When I say my brother Paul and I grew up in a sawmill, I’m not exaggerating. We spent most weekends and a great deal of every school
holiday at the Venables sawmill, the family business in Stafford.
Paul and I played, watched and listened. We saw
how the sawyers and the graders went about their work. We felt the textures of freshly cut and seasoned wood, we sniffed the scent of
resin - oak, ash, beech - we knew at first hand the structure, the colour and the grain of each. We learned the story of their
long years of growth in the woodland and how rain and drought and soil and location had affected their development.
This was our life, our father’s life, and the life of three generations before him. Our working destiny was cut, shaped and formed in the
sawmill. Here we breakfasted and lunched together. Here we discussed and argued, sometimes passionately, about every aspect of a sawmillers business.
I remember well the first time I was sent to France to look for new sources of quality Oak.
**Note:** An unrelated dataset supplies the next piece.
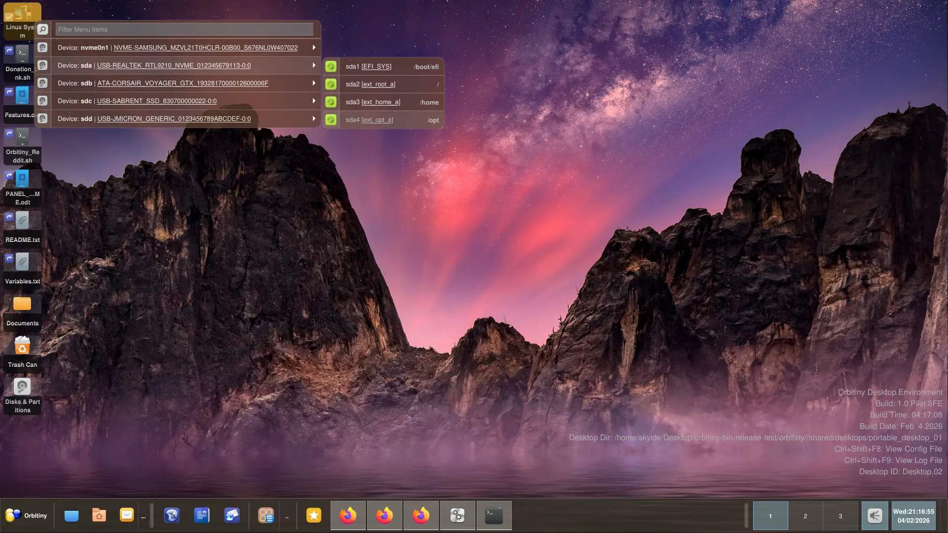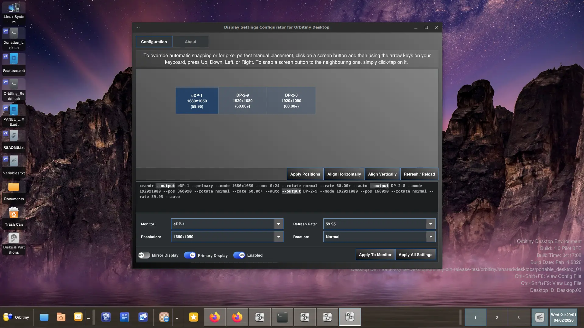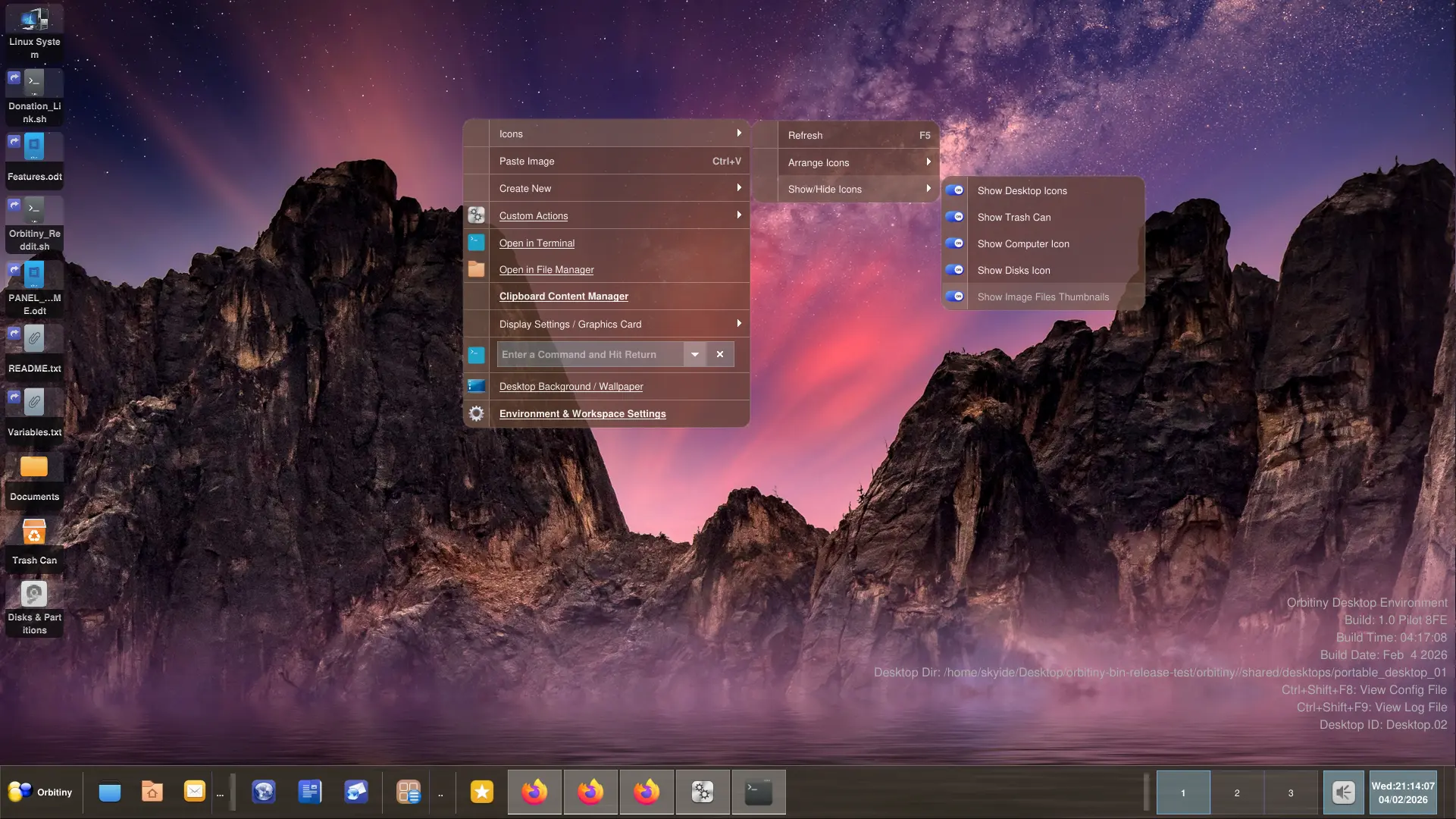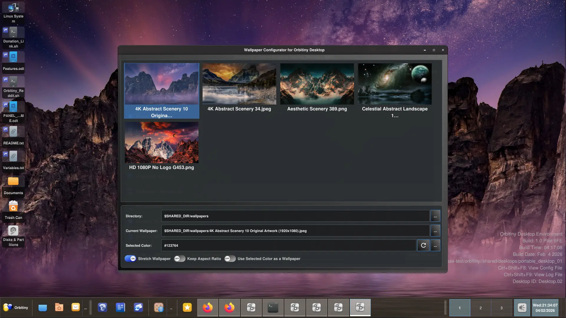 Want to install it system-wide and be accessible from your Display Manager’s menu? No problem! Just run the graphical install-orbitiny script using sudo. As a system-wide desktop (non-portable mode), the settings will be saved to $HOME/.config/orbitiny for each user.

Our stocks had been sadly depleted by the
restoration of a cathedral roof destroyed in a devastating fire. I spent a week driving the four corners of France finally finding a sawmill
with the quality of oak we were looking for. On my return I described the place to my grandfather, retired many years from the business. “Yes”,
He said, “Monsieur Durand owns that mill.” He had done business with that same mill fifty years before I got there and he had found them one of
his best suppliers. The pace of life changes but the knowledge of wood is handed on from one generation to another.
Paul and I started to buy in France in the early 1980’s and it’s not just brotherly love when I say that I believe that there is no-one in the
UK with the knowledge of French sawmills that Paul has. Wood is like wine, and different trees grown in different regions produce different
grades of timber. To Paul knowledge of wood is a sixth sense.
Our work here at Venables Brothers is based on a knowledge of and lifelong passion for our material. This is rooted in generations of
experience with a hefty wedge of professionalism thrown in.